The Morning Advertiser’s 2020 story did not have space for these kinds of details, or for a sense of the wider context that identified pubs as a particular threat to public health, different to some kinds of public places but similar to others. That’s entirely reasonable – the paper and its readers had much more pressing issues to cope with.
But what this story did show was a more nuanced sense of pub history than the usual myth of the British boozer as a timeless icon. Here were brewers and publicans talking about earlier threats to pubs, at a time when the twenty-first-century version was facing a significant challenge, with more nuance than you would find in many political discussions of the value and role of the pub. For example, Tom McMullen, director of McMullen’s, suggested that the government took “a rather relaxed approach to the flu” in 1919, though again I woud say that was because it was already as tightly controlled as any other place of entertainment would be. Pubs remained open, but for two short periods each day. He also noted, though, that the firm’s profits rose by 47% in the financial year ending September 1919, despite an estimated death toll of 136,000 people from the influenza pandemic in England and Wales between October 1918 and March 1919. Mr McMullen acknowledged that this “material recovery” “probably disguised the impact of the flu.” That’s a perceptive reading of the firm’s records. Robert Duncan’s study of pubs and drinking in World War I (Pubs and Patriots: The Drink Crisis in Britain during World War One, Liverpool University Press, 2013) concludes that many brewers had a ‘good war’ financially, despite the strict regulations and reduced supply of beer.

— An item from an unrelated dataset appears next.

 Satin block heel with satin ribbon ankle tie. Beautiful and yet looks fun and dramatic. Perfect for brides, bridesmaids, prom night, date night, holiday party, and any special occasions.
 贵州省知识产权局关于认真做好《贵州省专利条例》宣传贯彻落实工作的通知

Not only is that a very different outcome to the coronavirus pandemic, but it complicates the idea that the pub is simply timeless, an idea that ignores the role of the state, economic conditions, the actions of groups and individuals, and much more. These popular histories also extend a sense of continuity into the future. Anthony Woodhouse, of Hall and Woodhouse, connected the firm’s culture of “all being in it together” in wartime with its support for its tenants in 2022, cancelling rent and suspending loan repayments. Woodhouse made a similar comment when the firm returned to profitablity last year. His sense of the firm’s history seems to inform contemporary decisions as well as a sense of the future. Similarly Tom McMullen returned to the firm’s archives to learn from the conservative business strategy that had helped the firm survive earlier crises, noting that “people will remember how we acted during this time.”

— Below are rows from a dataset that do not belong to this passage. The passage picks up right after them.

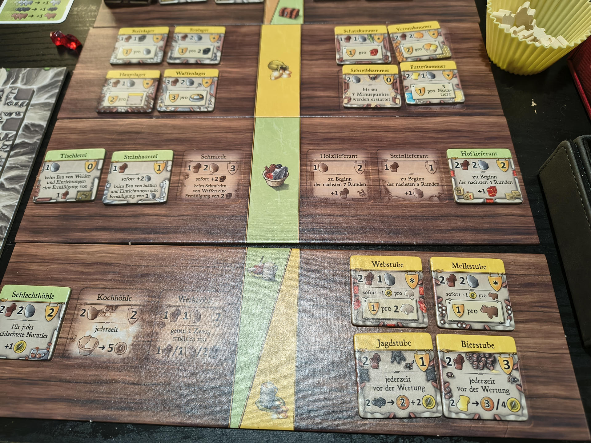 Was macht das Spiel also so schwer? Die Interaktionen zwischen den einzelnen Karten sind am Anfang einigermaßen schwer zu durchschauen, die allgemeine Komplexität ist bereits im Einführungsspiel mit einer geringeren Auswahl von Höhlen-Ausbaumöglichkeiten recht hoch, ganz zu schweigen vom ständigen Ressourcen-Mangel. Manche Nahrungsmittel und Tiere sind nur schwer über Streifzüge zu beschaffen, für die man seinen Zwerg auch erst mal in der Schmiede mit Waffen ausstatten muss. Und am Ende gibt es auch noch negative Punkte, wenn man nicht alle Felder seiner Höhle und seines Waldes mit Plättchen überdeckt hat oder Tiersorten fehlen. Es ist also einigermaßen kompliziert, den Überblick über alle seine Baustellen zu bewahren - wie im echten Leben. Zum Glück vermehren sich - Rosenberg-typisch - alle Tiere, von denen zwei am Ende einer Runde auf dem Plan sind, automatisch und deren Nährwert ist relativ hoch.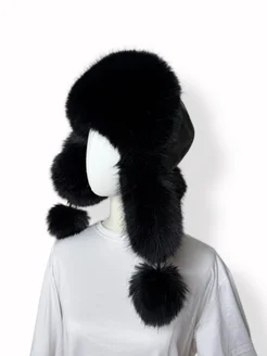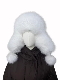 Шапка ушанка зимняя меховая эко песец с помпонами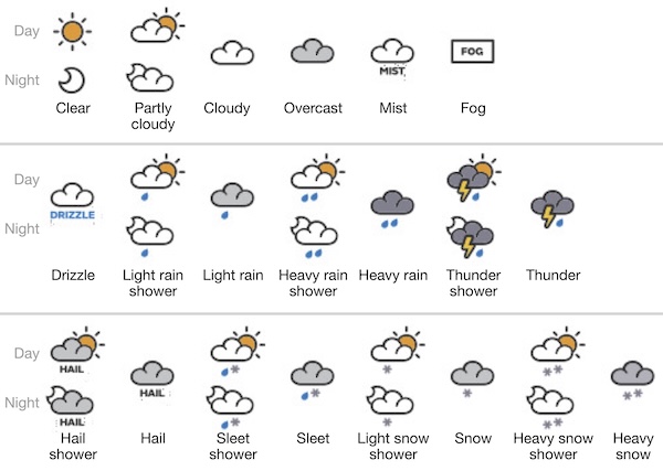 Many forecasts use symbols to describe the weather. These will vary a little between forecasts (so check!), but they’re likely to be similar to those used by the UK Met Office, shown below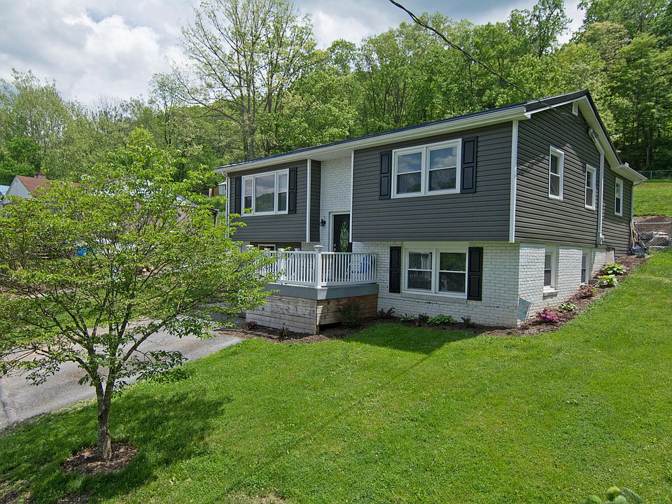 Enjoy views of the Greenbrier River from this sweet home in Ronceverte. Perched atop a hill on the far side, you’ll love the across-the-street proximity to the river without worry of rising water. This property is also conveniently located within minutes of Greenbrier Valley Medical Center, as well as the elementary, middle and high schools. The exterior is easy-to-maintain brick and vinyl. The front porch features Trex composite decking for year-after-year weather resistance. A sloped, paved driveway allows enough room to park multiple cars comfortably. Enter through a front door at ground level or through a second mid-level front entrance via the porch. At the ground level, an entertainment room with all new paint, recessed lighting, and high-quality vinyl flooring. This room includes a built-in speaker system and in-wall flat screen television mount. Next to the entertainment room, a laundry closet with cabinets and counter space offers room for a stackable washer/dryer unit. The hall between the entertainment room and kitchen feature barn board walls. The real treat of this is the large, artfully designed kitchen. Abundant oak cabinetry painted grey highlights the butcher block counter tops. A white subway tile backsplash makes for easy clean up. Double windows overlook the front yard from the eat-in dining space. Two more windows with stylish, deep sills offer a view of the side yard. A dark granite composite, double sink with pull down faucet and water filtration system are another nice detail of the kitchen. A half-bathroom adjacent to the kitchen includes barn wood-style walls. Upstairs 4 bedrooms have been newly carpeted. Large windows in the bedrooms make the good-sized rooms feel even more spacious. Ceiling fans throughout. The centrally located bathroom includes a shower/tub, sink with solid surface counter and ceramic tile floor. The master bedroom leads to a three-quarter master bathroom featuring double sink with solid surface countertop and shower stall. The windows throughout the home are new for added energy efficiency in winter. The HVAC system is brand new. A glass-pane door at the back of the home leads to a fenced-in backyard perfect for children and pets. The lower yard has been leveled and defined with a dry-stacked rock retaining wall. A second flat area at the top of the sloped yard has a modern wooden playset for safe backyard play. Schools: Ronceverte Elementary School Eastern Greenbrier Middle School Greenbrier East High School

I think it’s really interesting that these firms have referred back to their own histories to generate that sense of permanence and resilience. Of course these are both family firms, with their own archives and perhaps a stronger sense of paternalism in their dealings with tenants and other staff. Similarly, I don’t know to what extent these reflections have been prompted by the historically-minded stories run by the Morning Advertiser during lockdown, but that might well have helped. The paper continued in this reflective vein in an excellent article on the paper’s coverage of the disruption caused by the World Wars by journalist and pub historian Phil Mellows, published the following day (May 6th 2020), and Stuart Stone contributed an interesting piece on the links between medicine and the pub on the 7th, drawing on online records. It’s a really welcome stimulus for reflections on pub pasts, and one that perhaps deserves more attention from drink historians.